このように、1つ目の組30aと2つ目の組30bとが形成された状態では、複数のセグメント14のうち、ティース9から引き出した巻線12が接続される2,4,6,8,10,12番セグメント14(第1セグメント)と、ティース9に引き込む巻線12が接続される1,3,5,7,9,11番セグメント14(第2セグメント)とが、隣り合っている。
そして、これら隣り合っているセグメント14に接続されている巻線12は、アーマチュアコア6とコンミテータ13との間で交差し、6つの交差部26を形成している。
ここで、6つの交差部26は、それぞれ2−3番セグメント14間、4−5番セグメント14間、6−7番セグメント14間、8−9番セグメント14間、10−11番セグメント14間、12−1番セグメント14間に形成される。つまり、6つの交差部26は、周方向に等間隔に配置されている。
(効果)
したがって、上述の第2実施形態によれば、前述の第1実施形態と同様の効果に加え、2か所同時に巻線12を引き回す分、アーマチュアコイル7及び接続線25の形成時間を短縮することができる。
また、前述の第1実施形態では、並列回路数が2つとなるが、第2実施形態では、2本の巻線12で全ての各相コイル7U1〜7W2及び接続線25を形成するので、並列回路数が4つとなる。このため、巻線12の線径を細くすることができ、巻線12による巻回作業を容易に行うことができる。
尚、巻線12の線径については、並列回路数を4つにすることにより、極端に細くなってしまう場合がある。このような場合、前述の第1実施形態のように構成して並列回路数を2つにし、巻線12の線径を太くすることが望ましい。
尚、本発明は上述の実施形態に限られるものではなく、本発明の趣旨を逸脱しない範囲において、上述の実施形態に種々の変更を加えたものを含む。
例えば、上述の実施形態では、電動モータ1は、車両に搭載される電装品の駆動源として用いられるものである場合について説明した。しかしながら、これに限られるものではなく、さまざまな機器に使用される電動モータに、本実施形態を採用することが可能である。
また、上述の実施形態では、2つのブラシ21は、それぞれ2つの磁極を挟んで両側に存在する2つの磁極の中心に配置され、周方向に約135°の間隔をあけて配置されている場合について説明した。しかしながら、これに限られるものではなく、互いに異なる2つの磁極の中心に、それぞれ2つのブラシ21が配置されていればよい。

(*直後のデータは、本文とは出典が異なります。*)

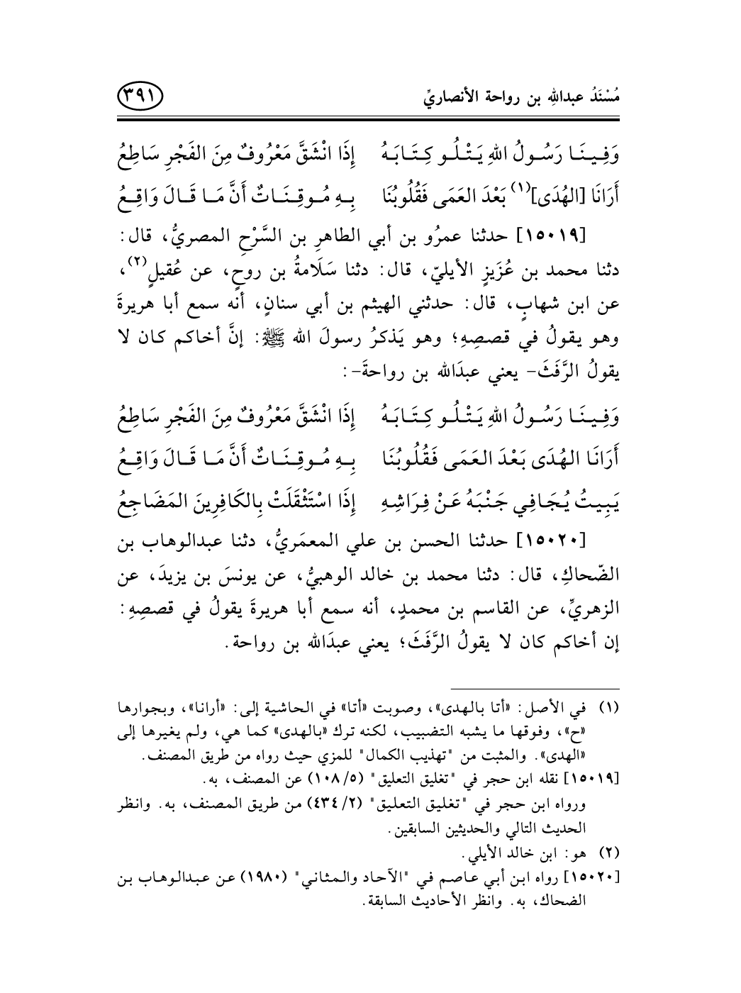 15019 - حدثنا عمرُو بن أبي الطاهرِ بن السَّرْحِ المصريُّ، قال: دثنا محمد بن عُزَيزٍ الأيليّ، قال: دثنا سَلاَمةُ بن روحٍ، عن عُقيلٍ (¬1) ، عن ابن شهابٍ، قال: حدثني الهيثم بن أبي سنانٍ، أنه سمع أبا هريرةَ وهو يقولُ في قصصِهِ؛ وهو يَذكرُ رسولَ الله صلى الله عليه وسلم: إنَّ أخاكم كان لا يقولُ الرَّفَثَ- يعني عبدَالله بن رواحةَ-:
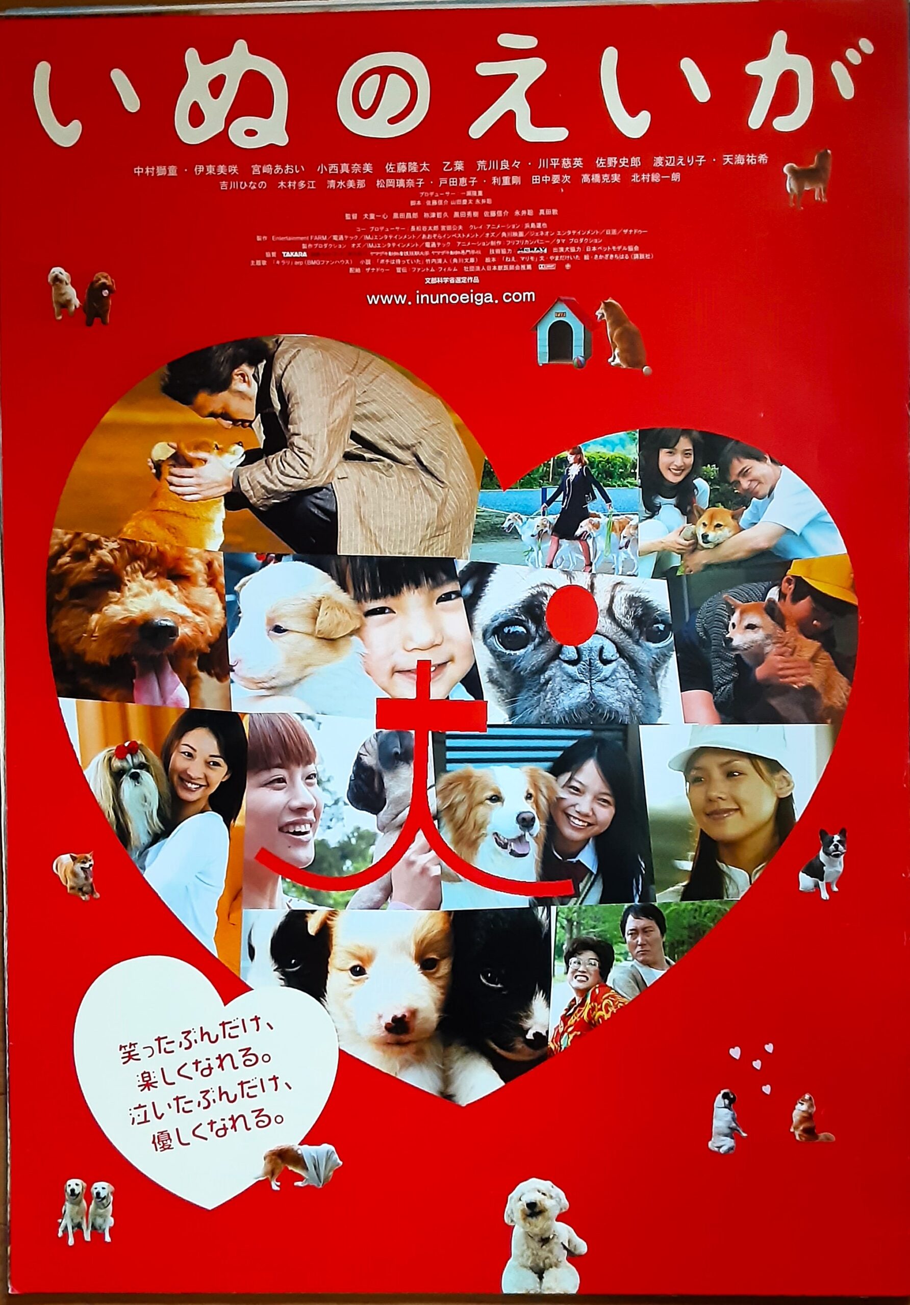 イヌノエイガ/脚本:佐藤信介、山田慶太、永井聡。監督:黒田昌郎、犬童一心、佐藤信介、黒田秀樹他。「いぬ」の魅力を前面に引き出し、そんないぬたちをめぐる悲喜こもごもの物語をリレー形式に描いた短編集したオムニバス映画。「ジョゼと虎と魚たち」の犬童一心、「修羅雪姫」の佐藤信介ら7人の監督が「いぬとひと」との様々な触れ合いの形を豪華出演陣と50種90匹におよぶ犬たちで11のエピソードに紡いでいく。主演は「いま、会いにゆきます」の中村獅童。

また、ブラシ21の個数は2つに限られるものではなく、極数と同じ数である8つまでブラシ21を増やすことも可能である。
1 電動モータ
2 ヨーク
3 アーマチュア
4 リングマグネット
5 回転軸
6 アーマチュアコア
7 アーマチュアコイル
9 ティース
12 巻線
12a 巻き始め端
12b 巻き終わり端
13 コンミテータ
14 セグメント
21 ブラシ
25 接続線
26 交差部
30a 1つ目の組
30b 2つ目の組
7U1 第1U相コイル
7U2 第2U相コイル
7V1 第1V相コイル
7V2 第2V相コイル
7W1 第1W相コイル
7W2 第2W相コイル

Claims (8)

  1. 複数の磁極を有するヨークと、
    前記ヨークに回転自在に支持される回転軸と、
    前記回転軸に取り付けられ、巻線が巻回される複数のティースを有するアーマチュアコアと、
    前記回転軸に取り付けられ、前記巻線が接続される複数のセグメントを有するコンミテータと、
    前記セグメントに摺接され、前記巻線に給電を行うための少なくとも2つのブラシとを備え、
    所定の前記ティースに、前記巻線を集中巻方式にて巻回してアーマチュアコイルを形成すると共に、同電位となる前記セグメント同士を短絡するように前記巻線を配線して接続線を形成し、
    前記アーマチュアコイル及び前記接続線を、1本の前記巻線で一連に形成し、
    前記複数のセグメントのうち、前記ティースから引き出した前記巻線が接続されるセグメントを第1セグメントとし、前記ティースに引き込む前記巻線が接続されるセグメントを第2セグメントとしたとき、これら第1セグメントと第2セグメントとが隣り合うように配置され、
    前記第1セグメントに接続されている前記巻線と、前記第2セグメントに接続されている前記巻線とが、前記コンミテータと前記アーマチュアコアとの間で交差して複数の交差部を形成していることを特徴とする電動モータ。
  2. 前記複数の交差部が、周方向に等間隔に配置されていることを特徴とする請求項1に記載の電動モータ。
  3. 前記巻線の巻き始め端と、前記巻線の巻き終わり端とが同一の前記セグメントに接続されていることを特徴とする請求項1又は請求項2に記載の電動モータ。
  4. 前記巻線の引き回し方向が常に同一方向になるように前記巻線を引き回すと共に、同電位となる前記セグメントに前記巻線を接続していく順番が、前記巻線の引き回し方向とは逆方向になっていることを特徴とする請求項1〜請求項3の何れか1項に記載の電動モータ。
  5. 前記複数のティースのうち、同相のティースに前記巻線を連続に巻回し、
    同相同士のティースに前記巻線を巻回していく順番が、前記巻線の引き回し方向と同方向になっていることを特徴とする請求項4に記載の電動モータ。
  6. 1本の前記巻線で一連に形成された前記アーマチュアコイルと前記接続線の組を2組設け、
    これら2組のうち、
    1つ目の組の前記巻線の巻き始め端が接続される前記セグメントを第1巻き始めセグメント、1つ目の組の前記巻線の巻き終わり端が接続される前記セグメントを第1巻き終わりセグメントとし、
    2つ目の組の前記巻線の巻き始め端が接続される前記セグメントを第2巻き始めセグメント、2つ目の組の前記巻線の巻き終わり端が接続される前記セグメントを第2巻き終わりセグメントとし、
    前記第1巻き始めセグメントと前記第2巻き始めセグメントとを、前記回転軸を中心に点対称位置に配置し、
    前記第1巻き始めセグメントと前記第2巻き終わりセグメントとを、同一セグメントとすると共に、前記第2巻き始めセグメントと前記第1巻き終わりセグメントとを、同一セグメントとしたことを特徴とする請求項1〜請求項5の何れか1項に記載の電動モータ。
  7. 前記磁極を8極、前記ティースの個数を6つ、前記セグメントの個数を12個に設定したことを特徴とする請求項1〜請求項6の何れか1項に記載の電動モータ。
  8. 前記ブラシの個数を2つに設定し、これら2つの前記ブラシを、それぞれ2つの磁極を間に挟んで両側に存在する2つの磁極の中心に配置したことを特徴とする請求項1〜請求項7の何れかに記載の電動モータ。